• **Exercise prompt**: Images are not wanted; transcribe the rest of the listing exactly.

• **Supplied entries**:
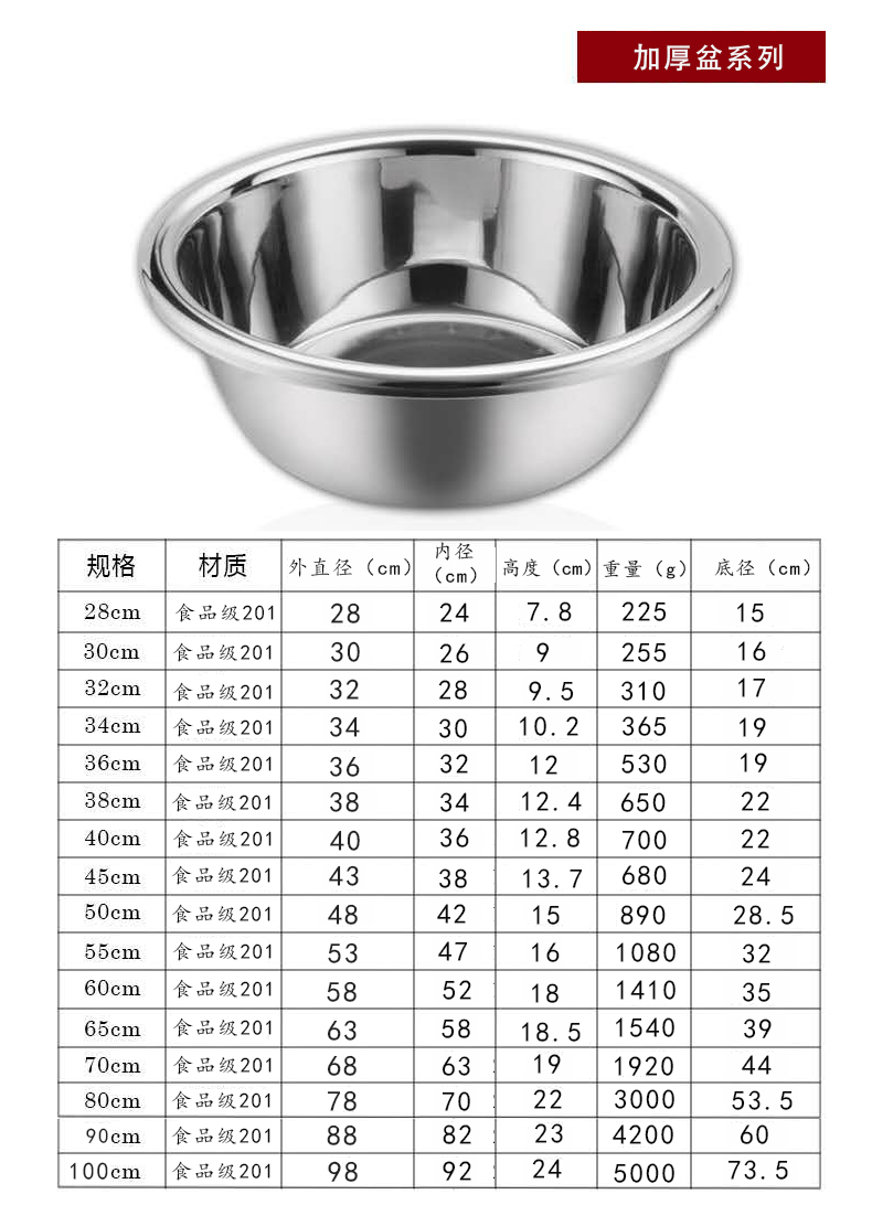 商品名称:国产 304不锈钢60CM盆
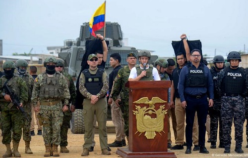 En febrero de 2025, en plena campaña electoral, el presidente Noboa propuso la presencia temporal de tropas extranjeras para reforzar la lucha contra el narcotráfico y ordenó a la Cancillería que realice gestiones con países aliados.
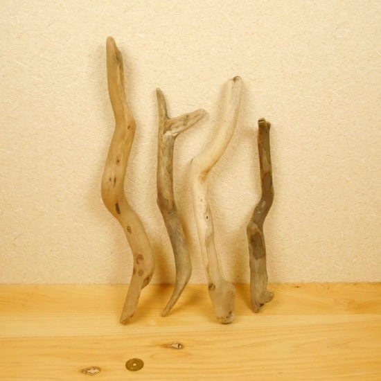 海で採集した棒系の流木の4点セットです。どの流木も軽く、くねくね曲がっています。
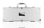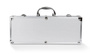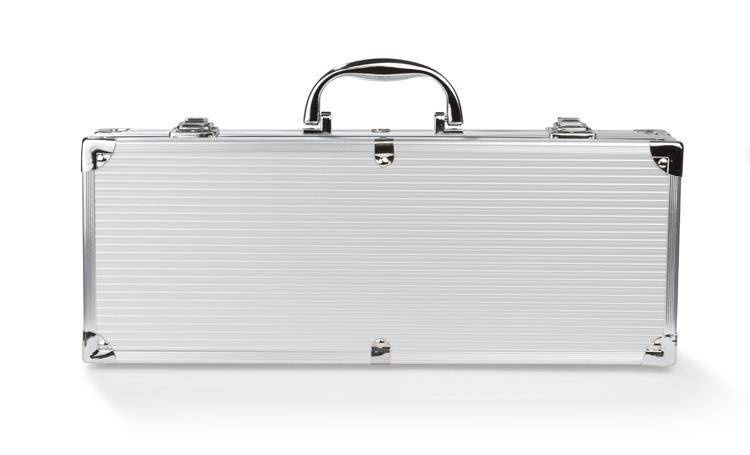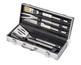Zestaw do grilla pakowany w walizkę: szczypce, łopatka, nóż, widelec i pędzelek.
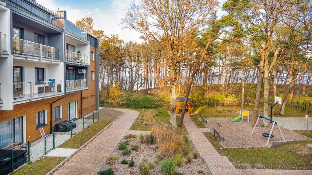 Die Apartments fügen sich harmonisch in die Küstenumgebung ein. Eine große Grünfläche rund um die Anlage, Ruheplätze und ein großzügiger Kinderspielplatz schaffen eine einzigartige Atmosphäre und bilden eine Oase für Kinder. Auch aktive Menschen und Senioren finden hier einen ruhigen Rückzugsort und einen gemütlichen Ort zum Ausruhen.
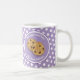 Deux délicieux biscuits de chips de chocolat font un café brisé design sur un arrière - plan de lavande pourpre tachetée blanche. Personnalisez deux lignes de texte et votre nom ou slogan customisé apparaîtra de chaque côté, en courbant autour de l'image des biscuits.
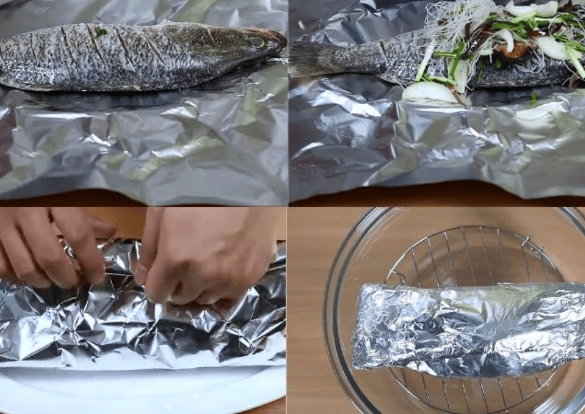 • Lấy gói cá ra khỏi lò, đặt nguyên gói lên đĩa. Mở nhẹ nhàng lớp giấy bạc để hơi nóng và hương thơm lan tỏa.

• **Solution to this task**:
 商品名称:国产 304不锈钢60CM盆
 En febrero de 2025, en plena campaña electoral, el presidente Noboa propuso la presencia temporal de tropas extranjeras para reforzar la lucha contra el narcotráfico y ordenó a la Cancillería que realice gestiones con países aliados.
 海で採集した棒系の流木の4点セットです。どの流木も軽く、くねくね曲がっています。
Zestaw do grilla pakowany w walizkę: szczypce, łopatka, nóż, widelec i pędzelek.
 Die Apartments fügen sich harmonisch in die Küstenumgebung ein. Eine große Grünfläche rund um die Anlage, Ruheplätze und ein großzügiger Kinderspielplatz schaffen eine einzigartige Atmosphäre und bilden eine Oase für Kinder. Auch aktive Menschen und Senioren finden hier einen ruhigen Rückzugsort und einen gemütlichen Ort zum Ausruhen.
 Deux délicieux biscuits de chips de chocolat font un café brisé design sur un arrière - plan de lavande pourpre tachetée blanche. Personnalisez deux lignes de texte et votre nom ou slogan customisé apparaîtra de chaque côté, en courbant autour de l'image des biscuits.
 • Lấy gói cá ra khỏi lò, đặt nguyên gói lên đĩa. Mở nhẹ nhàng lớp giấy bạc để hơi nóng và hương thơm lan tỏa.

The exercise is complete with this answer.